[Items listed in a dataset]
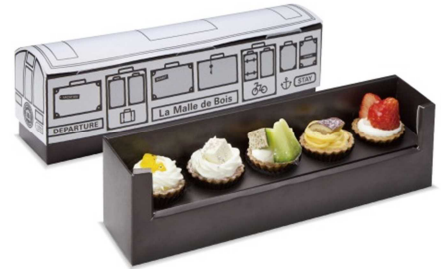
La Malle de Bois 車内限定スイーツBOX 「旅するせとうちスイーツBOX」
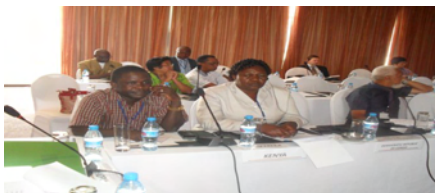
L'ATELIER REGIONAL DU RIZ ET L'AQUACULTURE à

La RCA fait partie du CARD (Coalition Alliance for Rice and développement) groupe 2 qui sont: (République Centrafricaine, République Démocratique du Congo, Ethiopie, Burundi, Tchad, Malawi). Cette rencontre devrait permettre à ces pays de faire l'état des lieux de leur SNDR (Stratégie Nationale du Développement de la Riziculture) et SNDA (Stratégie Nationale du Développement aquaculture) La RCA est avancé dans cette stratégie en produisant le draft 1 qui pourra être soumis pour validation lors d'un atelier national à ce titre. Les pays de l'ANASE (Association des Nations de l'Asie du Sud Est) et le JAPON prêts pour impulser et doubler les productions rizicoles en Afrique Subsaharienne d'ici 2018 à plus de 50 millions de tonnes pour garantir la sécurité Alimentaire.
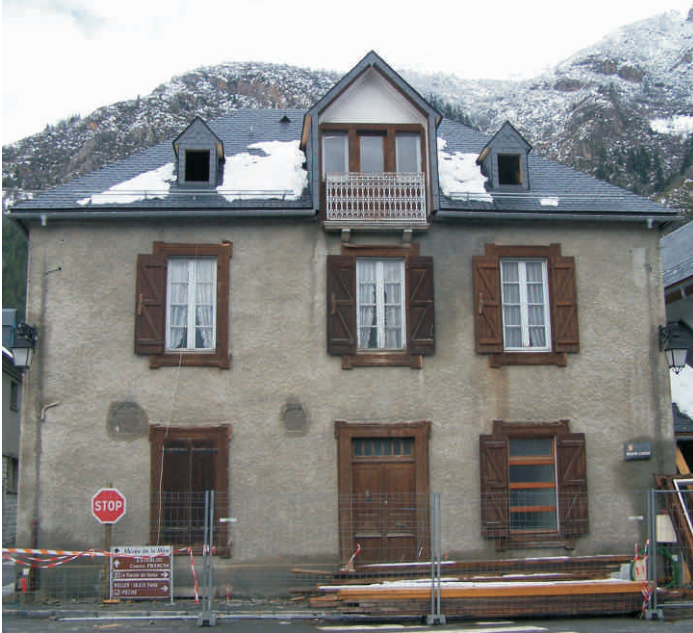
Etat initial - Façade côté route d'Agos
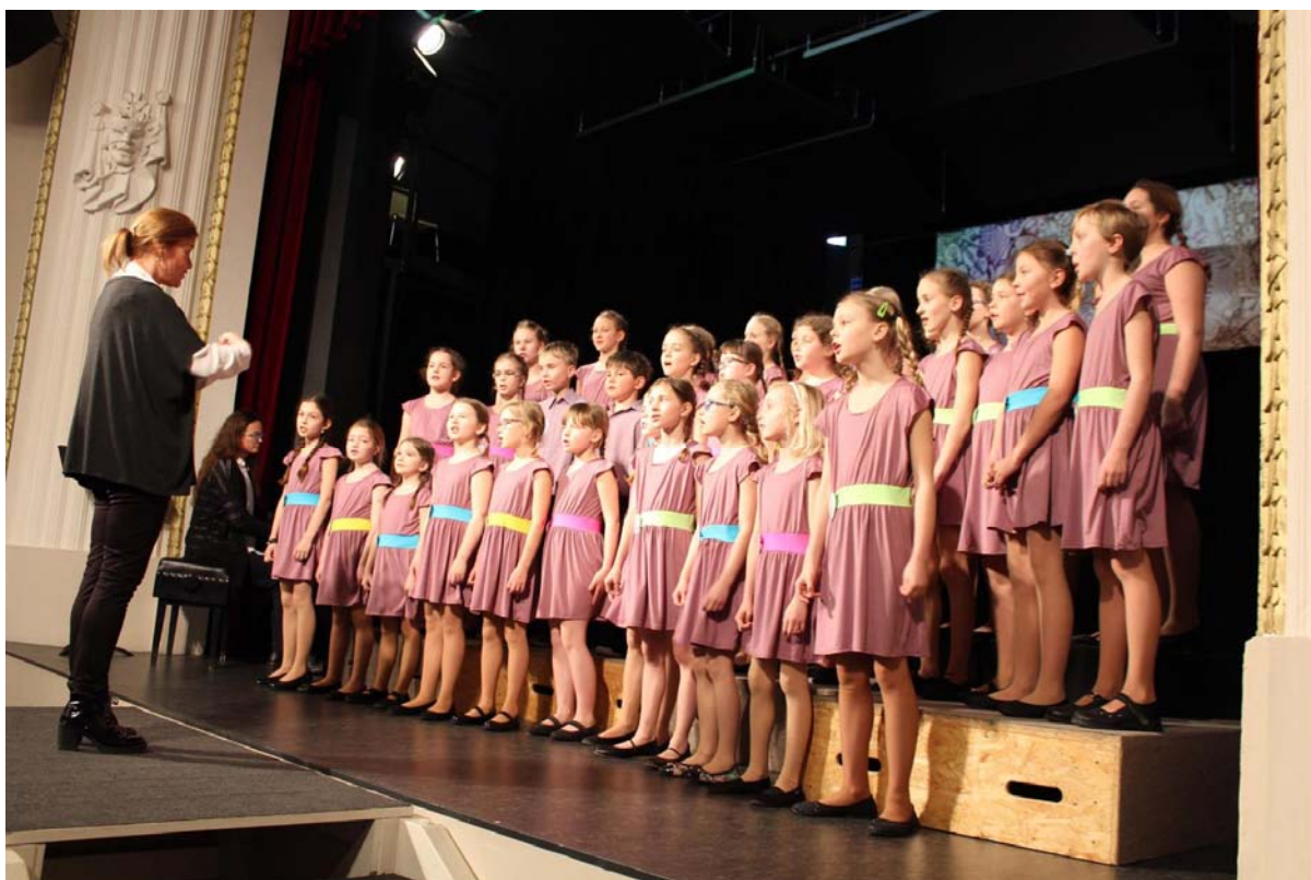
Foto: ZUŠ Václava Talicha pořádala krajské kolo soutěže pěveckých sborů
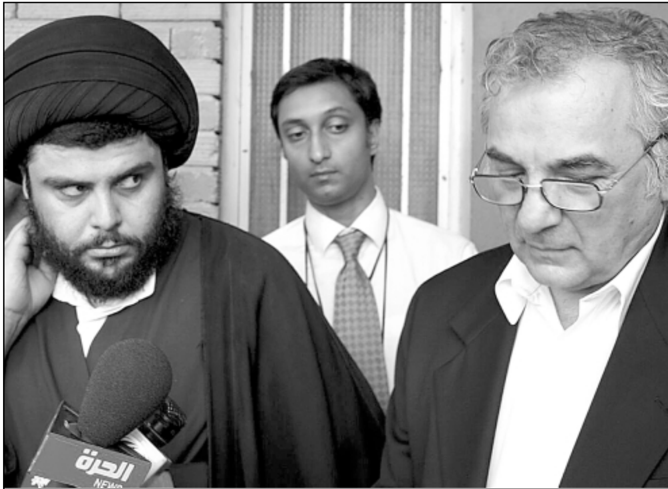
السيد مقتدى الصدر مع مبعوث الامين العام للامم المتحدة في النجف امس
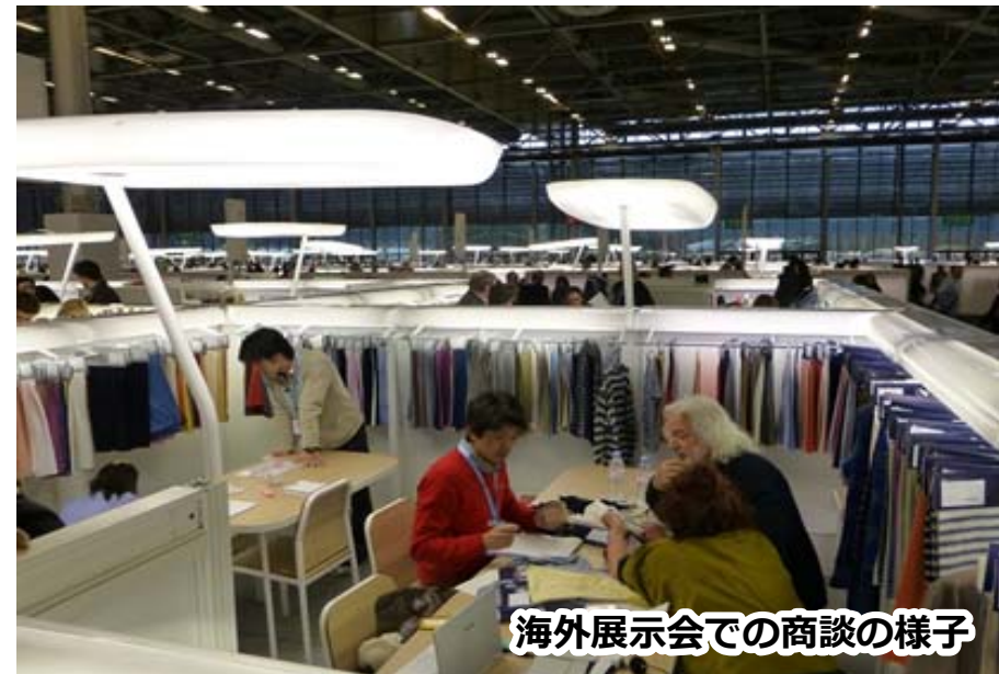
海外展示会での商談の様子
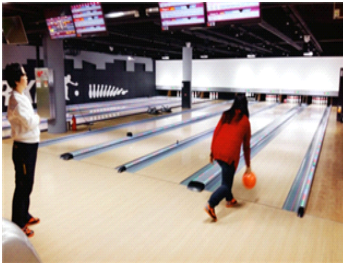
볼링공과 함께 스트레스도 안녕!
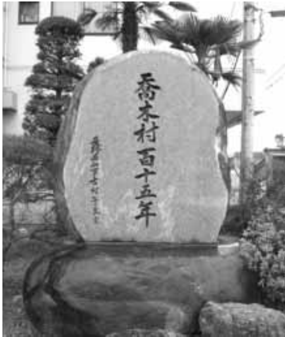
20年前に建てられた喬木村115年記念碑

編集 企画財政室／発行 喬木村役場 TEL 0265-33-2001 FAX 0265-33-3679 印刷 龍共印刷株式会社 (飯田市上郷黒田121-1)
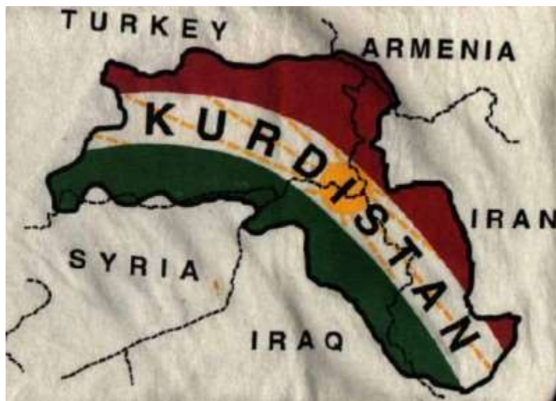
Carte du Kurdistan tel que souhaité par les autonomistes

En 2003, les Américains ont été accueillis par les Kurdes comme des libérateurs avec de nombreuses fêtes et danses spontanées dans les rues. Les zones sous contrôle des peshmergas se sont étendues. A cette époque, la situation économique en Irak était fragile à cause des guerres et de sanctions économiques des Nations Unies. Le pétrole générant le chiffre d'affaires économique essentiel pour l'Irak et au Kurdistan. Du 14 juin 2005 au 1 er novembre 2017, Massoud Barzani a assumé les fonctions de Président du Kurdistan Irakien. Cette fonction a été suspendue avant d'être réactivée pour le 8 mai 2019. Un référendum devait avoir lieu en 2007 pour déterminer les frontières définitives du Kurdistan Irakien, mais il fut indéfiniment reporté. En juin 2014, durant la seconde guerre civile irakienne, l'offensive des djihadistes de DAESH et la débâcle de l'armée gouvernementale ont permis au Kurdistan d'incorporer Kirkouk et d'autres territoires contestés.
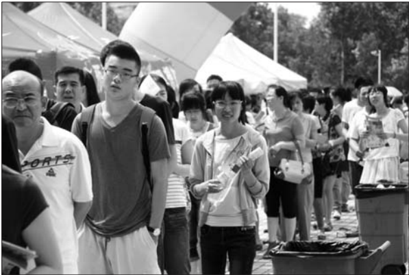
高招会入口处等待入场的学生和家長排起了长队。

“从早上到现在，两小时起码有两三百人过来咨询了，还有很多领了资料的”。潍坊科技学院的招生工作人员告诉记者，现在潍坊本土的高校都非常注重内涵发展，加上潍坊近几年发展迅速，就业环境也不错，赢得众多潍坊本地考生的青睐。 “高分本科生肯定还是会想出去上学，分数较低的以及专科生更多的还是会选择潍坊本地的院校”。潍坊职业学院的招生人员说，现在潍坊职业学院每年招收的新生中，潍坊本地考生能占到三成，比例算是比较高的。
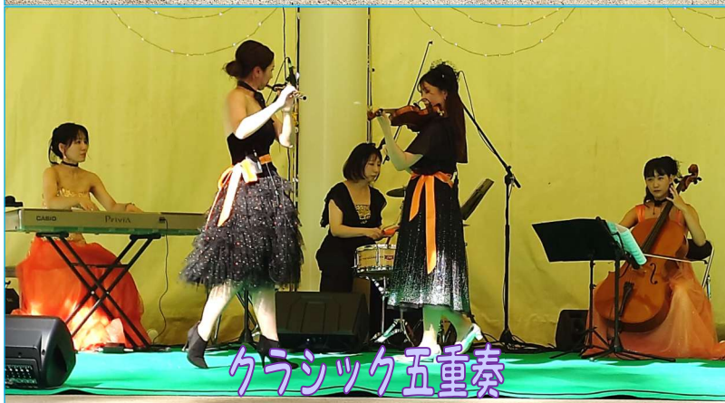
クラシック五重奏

**Instructions for the task:** Restate word for word every line from the top of the entries above to the line with "編集 企画財政室／発行 喬木村役場", inclusive, and skip any pictures.

**Result:**
La Malle de Bois 車内限定スイーツBOX 「旅するせとうちスイーツBOX」
L'ATELIER REGIONAL DU RIZ ET L'AQUACULTURE à

La RCA fait partie du CARD (Coalition Alliance for Rice and développement) groupe 2 qui sont: (République Centrafricaine, République Démocratique du Congo, Ethiopie, Burundi, Tchad, Malawi). Cette rencontre devrait permettre à ces pays de faire l'état des lieux de leur SNDR (Stratégie Nationale du Développement de la Riziculture) et SNDA (Stratégie Nationale du Développement aquaculture) La RCA est avancé dans cette stratégie en produisant le draft 1 qui pourra être soumis pour validation lors d'un atelier national à ce titre. Les pays de l'ANASE (Association des Nations de l'Asie du Sud Est) et le JAPON prêts pour impulser et doubler les productions rizicoles en Afrique Subsaharienne d'ici 2018 à plus de 50 millions de tonnes pour garantir la sécurité Alimentaire.
Etat initial - Façade côté route d'Agos
Foto: ZUŠ Václava Talicha pořádala krajské kolo soutěže pěveckých sborů
السيد مقتدى الصدر مع مبعوث الامين العام للامم المتحدة في النجف امس
海外展示会での商談の様子
볼링공과 함께 스트레스도 안녕!
20年前に建てられた喬木村115年記念碑

編集 企画財政室／発行 喬木村役場 TEL 0265-33-2001 FAX 0265-33-3679 印刷 龍共印刷株式会社 (飯田市上郷黒田121-1)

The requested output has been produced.